This passage has been the subject of no small controversy in recent centuries. I don’t intend to solve it all with a brief blog post. But I would like to make a few comments on the use of καί and its implications for the possible interpretations. A friend asked me a question about it, so I figured I’d take the opportunity to put some theology on a blog that is supposed to be about theology!

There are three functions of καί that are possible candidates for this text. They follow in order of grammatical likelihood (i.e., not giving considering to contextual or theological factors).
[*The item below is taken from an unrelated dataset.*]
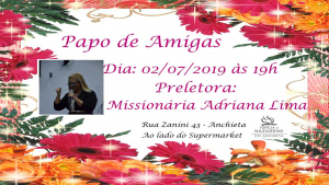 Data: 02/07/19 Horário: Às 19H Preletora: Missionária Adriana Lima

The most basic meaning of καί is and—a coordinating conjunction that joins two or more distinct items. While this is the most likely meaning from a grammatical perspective, contextually, this is absolutely impossible. Paul pronounces peace and mercy on those who walk in accordance with his rule (κανών)—that Gentiles are equal to and on the same plain as Jews and that the former need not submit to circumcision, et al. in order to be right with God and be part of God’s covenant people. Verse 15 is a summary statement for the argument of the book. Ιt is absolutely inconceivable that Paul would be pronouncing a blessing on two distinct groups of people: those who obey his instructions and the Jews (who don’t obey them—the necessary implication if καί means and). Oddly enough, Paul Benware defends the meaning of and here in a very befuddled argument (see Understanding End Times Prophecy, 87-89). O. Palmer Robertson obliterates this view in his The Israel of God, 40ff.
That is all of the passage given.